Farrar, who now lives in New Orleans, is joined in Son Volt by multi-instrumentalist Dave Boquist, bassist Jim Boquist (Dave’s brother) and drummer Mike Heidorn who, along with Farrar, was a member of the roots-rock cult favorite band Uncle Tupelo. Son Volt plays tonight at the Coach House in San Juan Capistrano.

Instrumentally, Son Volt is a seductive bundle of musical contradictions. One minute it sounds like a traditional Dust Bowl string band; the next, it sounds like a punked-up Crazy Horse on steroids. Its debut album, “Trace,” leaves a lasting impression for its nonchalant eclecticism and its finely honed, almost cinematic perspective.

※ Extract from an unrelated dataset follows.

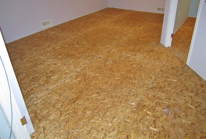 Nachdem alle extrudierten Polypropylenplatten verlegt wurden, fahren Sie mit der Installation von OSB-Holzplatten fort, deren Dicke mindestens 10 mm betragen muss. Es ist zu beachten, dass OSB-Platten speziell für die Bauindustrie entwickelt wurden. In diesem Sinne können sie als Veredelungsmaterial für Dächer, Wände und Böden verwendet werden.

“A lot of it reflects the kind of music I’m interested in, what I listen to,” said Farrar, 28. “A lot of that is older country and blues ballads that don’t really contain a lot of feel-good lyrical matter. When I was young, there was a lot of country music around the house, so some of that stuck. Hank Williams, Woody Guthrie, Jimmie Rodgers, the Carter Family--those are the records my parents had.

“Then I began to listen to Beatles-type rock ‘n’ roll and from there to American garage bands, and from there it went to being taken with punk rock for a while, the Ramones, the Clash and all that.”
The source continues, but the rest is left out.